Reed Saxon / The Associated Press

FREDERICTON — La semaine d’audiences publiques sur la légalisation de la marijuana au Nouveau-Brunswick s’est conclue vendredi, avec une absence de consensus et beaucoup de questions demeurant sans réponses.

Le président du comité gouvernemental responsable des consultations, Benoit Bourque, affirme que les participants étaient divisés quant à l’âge à partir duquel on pourrait se procurer du cannabis — et où on pourrait le faire.

M. Bourque précise qu’un consensus ne s’est pas plus dégagé des débats sur le contrôle des conducteurs et des travailleurs intoxiqués. Il juge toutefois «normal» que certaines questions demeurent à ce stade sans réponses.

Les dix provinces canadiennes tâchent de formuler un cadre réglementaire d’ici juillet 2018, moment auquel Ottawa s’est engagé à légaliser la possession et la consommation de marijuana à des fins récréatives.

La Société médicale du Nouveau-Brunswick réclame que l’âge minimal pour consommer la drogue soit établi à 25 ans, mais elle se résignerait à un seuil de 21 ans. Sa présidente, Lynn Murphy-Kaulbeck, estime que l’âge minimal pour le tabac et l’alcool, actuellement fixé à 19 ans, doit être élevé à ce même niveau.

D’autres intervenants, comme l’Association des travailleurs sociaux du Nouveau-Brunswick, militent plutôt en faveur d’un âge minimal de 19 ans.

«Si les jeunes vont dans le marché noir dans la rue pour obtenir du cannabis, on ne sait pas ce qu’ils fument. Ça pourrait en fait être encore plus nocif», argue le directeur général de l’Association, Miguel LeBlanc.

Emily Leaman, de l’Association canadienne de santé publique du Nouveau-Brunswick et de l’Île-du-Prince-Édouard, prend également position pour un âge minimal de 19 ans. Elle fait aussi valoir que la vente de cannabis en magasin devrait être strictement encadrée.

«Nous recommandons que le produit ne soit pas vendu dans des locaux partagés avec des pharmacies ou avec des endroits qui vendent actuellement de l’alcool ou du tabac. Ces locaux ne doivent pas être situés près d’un endroit où on pourrait trouver des enfants et des mineurs», a-t-elle avancé devant le comité.

Du côté du producteur Zenabis LP, le consultant Moe Sihota espère que la marijuana médicale sera distribuée par l’entremise des pharmacies et la marijuana récréative, du secteur privé.

Le mois dernier, un groupe de travail formé par le gouvernement provincial a recommandé une formule similaire à une société d’État pour la distribution.

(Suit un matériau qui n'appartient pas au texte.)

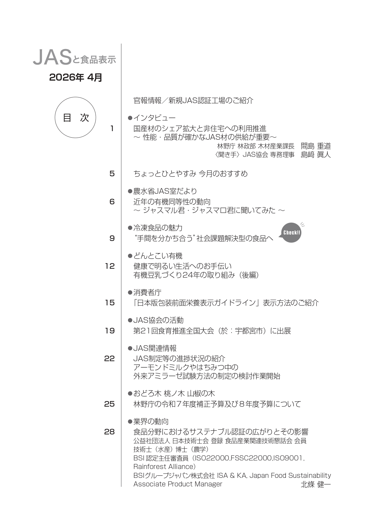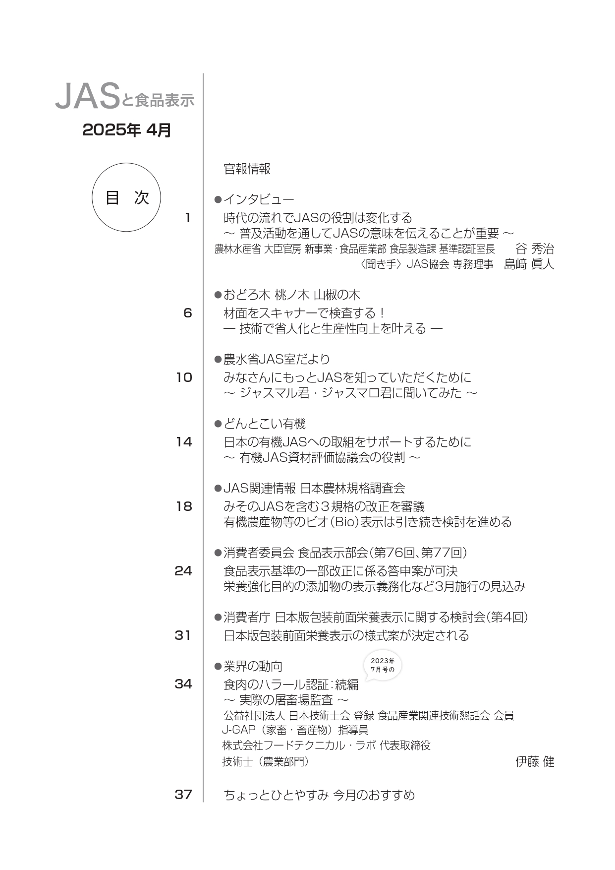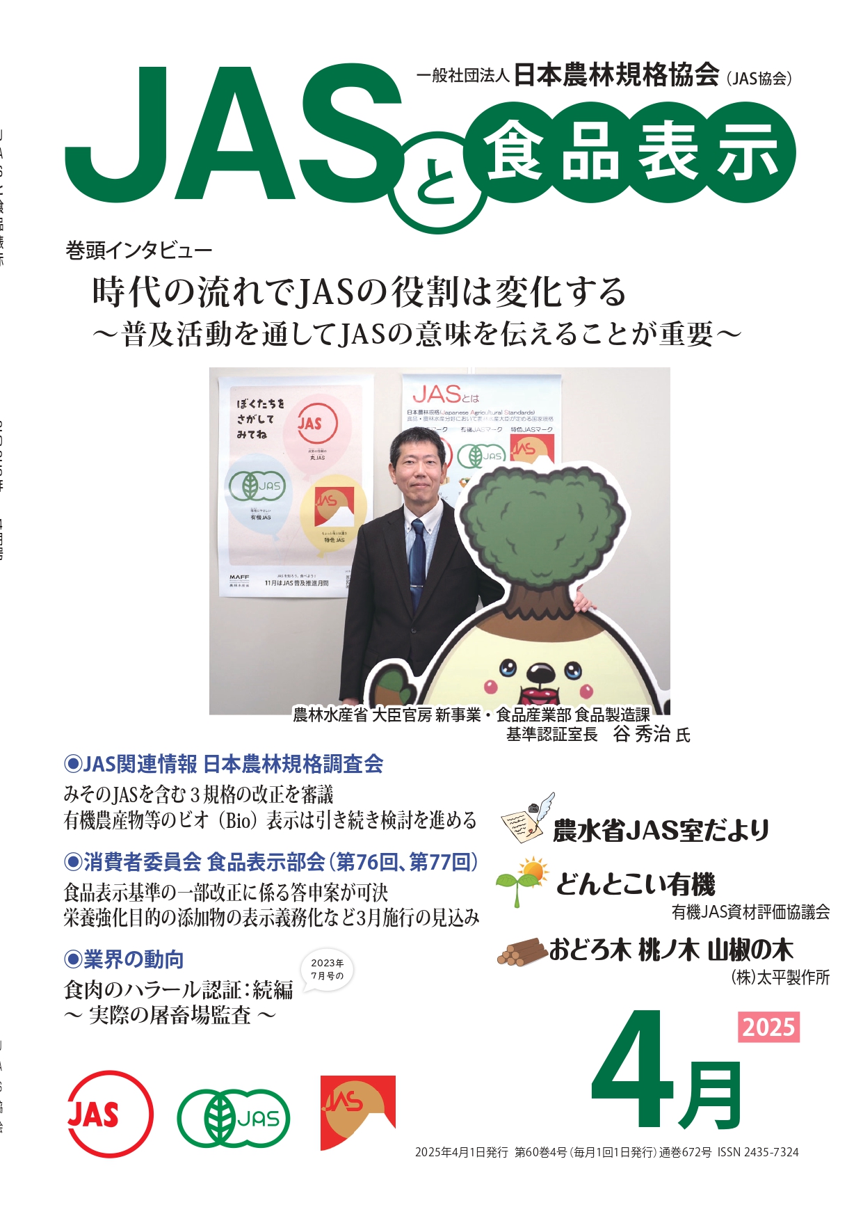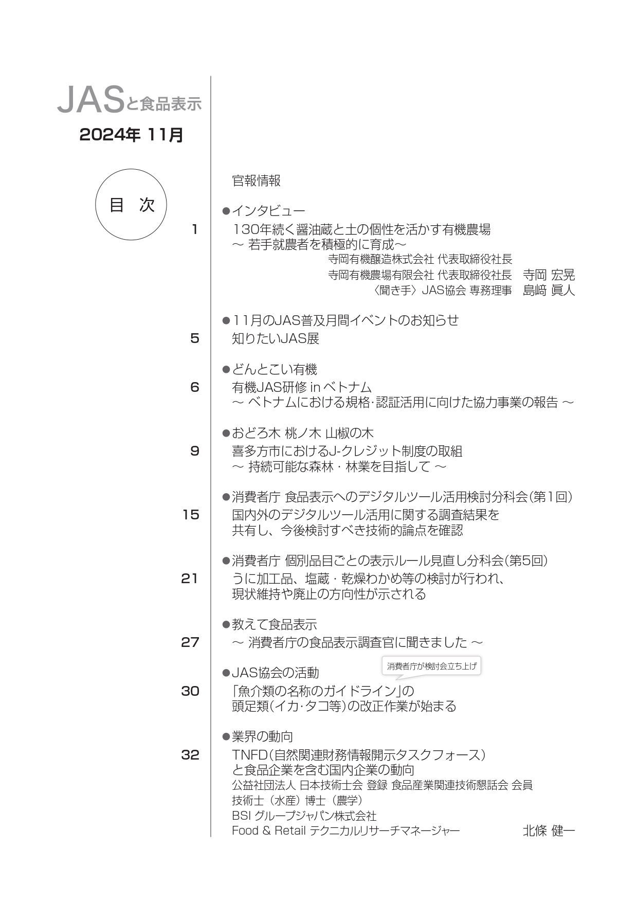 JASや食品表示に関するインタビューのほか、JASをめぐる最新の動向、

Le vétéran Laurie Manzer, qui consomme lui-même de la marijuana médicale, espère qu’elle ne sera pas en vente dans les magasins d’alcools que gère le gouvernement.

«Je sais que beaucoup de mes amis ont des problèmes de dépendance à l’alcool et à d’autres drogues et ils utilisent la consommation de cannabis comme thérapie pour atténuer cette dépendance. Ce n’est pas bon pour ces personnes d’entrer dans un magasin d’alcool et de devoir acheter leur médicament», a-t-il témoigné.

Il insiste sur l’importance de réguler la marijuana médicale et récréative de manière distincte. Il craint que la forte demande pour cette dernière ne limite l’offre pour ceux qui en font un usage médical.

Le président de Travail sécuritaire NB, Tim Petersen, souligne pour sa part que les employeurs ont la responsabilité de fournir un environnement de travail sécuritaire et que les employés devront quant à eux signaler s’ils ne sont pas en mesure d’effectuer leurs tâches.

«Tous les gens qui travaillent là-dessus ont découvert qu’essayer de déterminer par des tests à quel point les facultés sont affaiblies est très difficile. Ça pourrait être le plus gros défi auquel nous devrions faire face», a-t-il prévenu.

Les autorités municipales de Fredericton craignent pour leur part qu’il revienne aux municipalités de tenir les conducteurs intoxiqués à l’oeil.

Le comité ne formulera aucune recommandation: il résumera les interventions dans un rapport qu’il présentera au gouvernement provincial d’ici septembre.